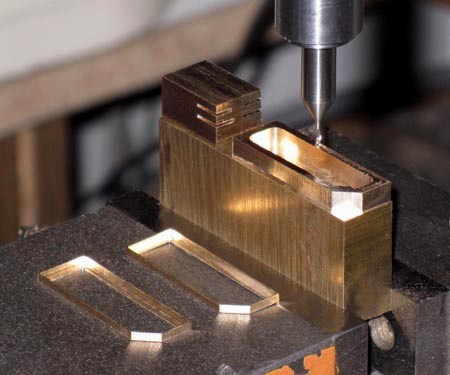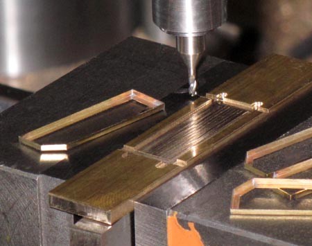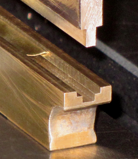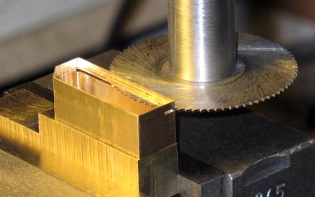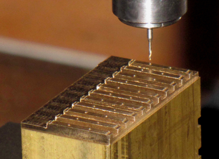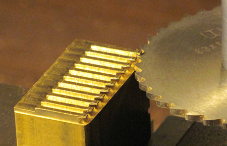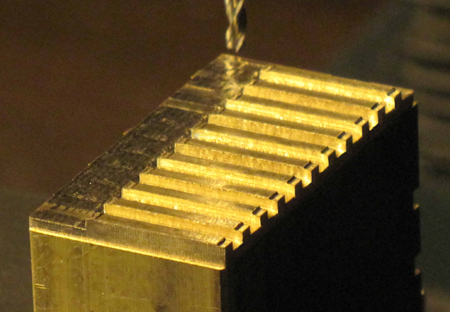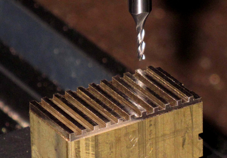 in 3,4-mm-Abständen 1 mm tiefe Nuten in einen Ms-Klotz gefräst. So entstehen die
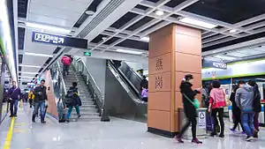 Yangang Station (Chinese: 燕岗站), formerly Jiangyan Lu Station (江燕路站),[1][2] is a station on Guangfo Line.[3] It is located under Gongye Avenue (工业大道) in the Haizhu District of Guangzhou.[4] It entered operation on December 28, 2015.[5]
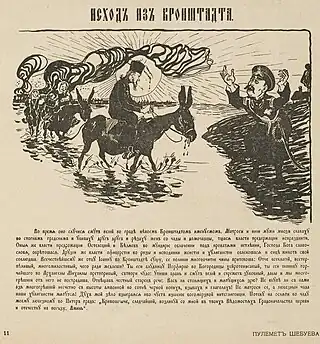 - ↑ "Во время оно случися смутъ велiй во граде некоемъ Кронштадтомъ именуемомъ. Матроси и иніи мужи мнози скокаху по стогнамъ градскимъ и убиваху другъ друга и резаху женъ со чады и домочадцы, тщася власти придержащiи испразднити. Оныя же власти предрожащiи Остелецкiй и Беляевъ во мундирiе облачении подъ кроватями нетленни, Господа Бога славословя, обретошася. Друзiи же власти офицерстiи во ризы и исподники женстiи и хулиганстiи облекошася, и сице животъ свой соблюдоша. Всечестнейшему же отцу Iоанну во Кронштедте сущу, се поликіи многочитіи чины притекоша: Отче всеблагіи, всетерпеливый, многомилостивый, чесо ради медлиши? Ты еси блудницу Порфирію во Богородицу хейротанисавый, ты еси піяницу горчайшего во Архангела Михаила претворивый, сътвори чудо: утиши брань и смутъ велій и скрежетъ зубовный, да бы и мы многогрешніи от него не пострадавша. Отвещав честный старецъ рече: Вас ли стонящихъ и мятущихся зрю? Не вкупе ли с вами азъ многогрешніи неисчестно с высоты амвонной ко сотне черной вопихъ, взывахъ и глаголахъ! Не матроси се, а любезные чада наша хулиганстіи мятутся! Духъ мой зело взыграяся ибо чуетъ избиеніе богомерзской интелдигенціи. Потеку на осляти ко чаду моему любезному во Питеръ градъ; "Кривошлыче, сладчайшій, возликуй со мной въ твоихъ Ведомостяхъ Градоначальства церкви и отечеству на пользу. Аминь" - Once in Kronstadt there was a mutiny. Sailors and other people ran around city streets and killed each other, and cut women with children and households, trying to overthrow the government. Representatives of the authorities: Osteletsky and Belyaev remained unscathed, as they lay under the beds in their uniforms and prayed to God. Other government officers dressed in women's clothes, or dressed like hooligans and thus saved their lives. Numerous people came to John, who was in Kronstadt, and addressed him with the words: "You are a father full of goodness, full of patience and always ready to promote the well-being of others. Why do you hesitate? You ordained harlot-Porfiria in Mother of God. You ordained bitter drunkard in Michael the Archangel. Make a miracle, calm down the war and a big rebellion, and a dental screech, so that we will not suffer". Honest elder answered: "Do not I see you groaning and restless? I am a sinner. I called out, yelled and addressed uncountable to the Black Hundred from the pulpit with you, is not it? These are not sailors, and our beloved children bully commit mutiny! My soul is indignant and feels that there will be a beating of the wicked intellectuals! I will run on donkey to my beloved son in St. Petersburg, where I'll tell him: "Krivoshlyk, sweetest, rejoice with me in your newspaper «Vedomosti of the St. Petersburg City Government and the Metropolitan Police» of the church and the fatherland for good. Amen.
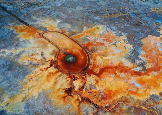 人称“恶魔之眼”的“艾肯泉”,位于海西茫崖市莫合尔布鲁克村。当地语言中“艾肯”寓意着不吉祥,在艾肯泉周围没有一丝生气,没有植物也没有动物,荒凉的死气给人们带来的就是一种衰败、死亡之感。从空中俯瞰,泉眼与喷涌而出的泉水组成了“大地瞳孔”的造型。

Task description - Could all the data above be given again exactly, leaving out its images?

Response box -
 in 3,4-mm-Abständen 1 mm tiefe Nuten in einen Ms-Klotz gefräst. So entstehen die
 Yangang Station (Chinese: 燕岗站), formerly Jiangyan Lu Station (江燕路站),[1][2] is a station on Guangfo Line.[3] It is located under Gongye Avenue (工业大道) in the Haizhu District of Guangzhou.[4] It entered operation on December 28, 2015.[5]
 - ↑ "Во время оно случися смутъ велiй во граде некоемъ Кронштадтомъ именуемомъ. Матроси и иніи мужи мнози скокаху по стогнамъ градскимъ и убиваху другъ друга и резаху женъ со чады и домочадцы, тщася власти придержащiи испразднити. Оныя же власти предрожащiи Остелецкiй и Беляевъ во мундирiе облачении подъ кроватями нетленни, Господа Бога славословя, обретошася. Друзiи же власти офицерстiи во ризы и исподники женстiи и хулиганстiи облекошася, и сице животъ свой соблюдоша. Всечестнейшему же отцу Iоанну во Кронштедте сущу, се поликіи многочитіи чины притекоша: Отче всеблагіи, всетерпеливый, многомилостивый, чесо ради медлиши? Ты еси блудницу Порфирію во Богородицу хейротанисавый, ты еси піяницу горчайшего во Архангела Михаила претворивый, сътвори чудо: утиши брань и смутъ велій и скрежетъ зубовный, да бы и мы многогрешніи от него не пострадавша. Отвещав честный старецъ рече: Вас ли стонящихъ и мятущихся зрю? Не вкупе ли с вами азъ многогрешніи неисчестно с высоты амвонной ко сотне черной вопихъ, взывахъ и глаголахъ! Не матроси се, а любезные чада наша хулиганстіи мятутся! Духъ мой зело взыграяся ибо чуетъ избиеніе богомерзской интелдигенціи. Потеку на осляти ко чаду моему любезному во Питеръ градъ; "Кривошлыче, сладчайшій, возликуй со мной въ твоихъ Ведомостяхъ Градоначальства церкви и отечеству на пользу. Аминь" - Once in Kronstadt there was a mutiny. Sailors and other people ran around city streets and killed each other, and cut women with children and households, trying to overthrow the government. Representatives of the authorities: Osteletsky and Belyaev remained unscathed, as they lay under the beds in their uniforms and prayed to God. Other government officers dressed in women's clothes, or dressed like hooligans and thus saved their lives. Numerous people came to John, who was in Kronstadt, and addressed him with the words: "You are a father full of goodness, full of patience and always ready to promote the well-being of others. Why do you hesitate? You ordained harlot-Porfiria in Mother of God. You ordained bitter drunkard in Michael the Archangel. Make a miracle, calm down the war and a big rebellion, and a dental screech, so that we will not suffer". Honest elder answered: "Do not I see you groaning and restless? I am a sinner. I called out, yelled and addressed uncountable to the Black Hundred from the pulpit with you, is not it? These are not sailors, and our beloved children bully commit mutiny! My soul is indignant and feels that there will be a beating of the wicked intellectuals! I will run on donkey to my beloved son in St. Petersburg, where I'll tell him: "Krivoshlyk, sweetest, rejoice with me in your newspaper «Vedomosti of the St. Petersburg City Government and the Metropolitan Police» of the church and the fatherland for good. Amen.
 人称“恶魔之眼”的“艾肯泉”,位于海西茫崖市莫合尔布鲁克村。当地语言中“艾肯”寓意着不吉祥,在艾肯泉周围没有一丝生气,没有植物也没有动物,荒凉的死气给人们带来的就是一种衰败、死亡之感。从空中俯瞰,泉眼与喷涌而出的泉水组成了“大地瞳孔”的造型。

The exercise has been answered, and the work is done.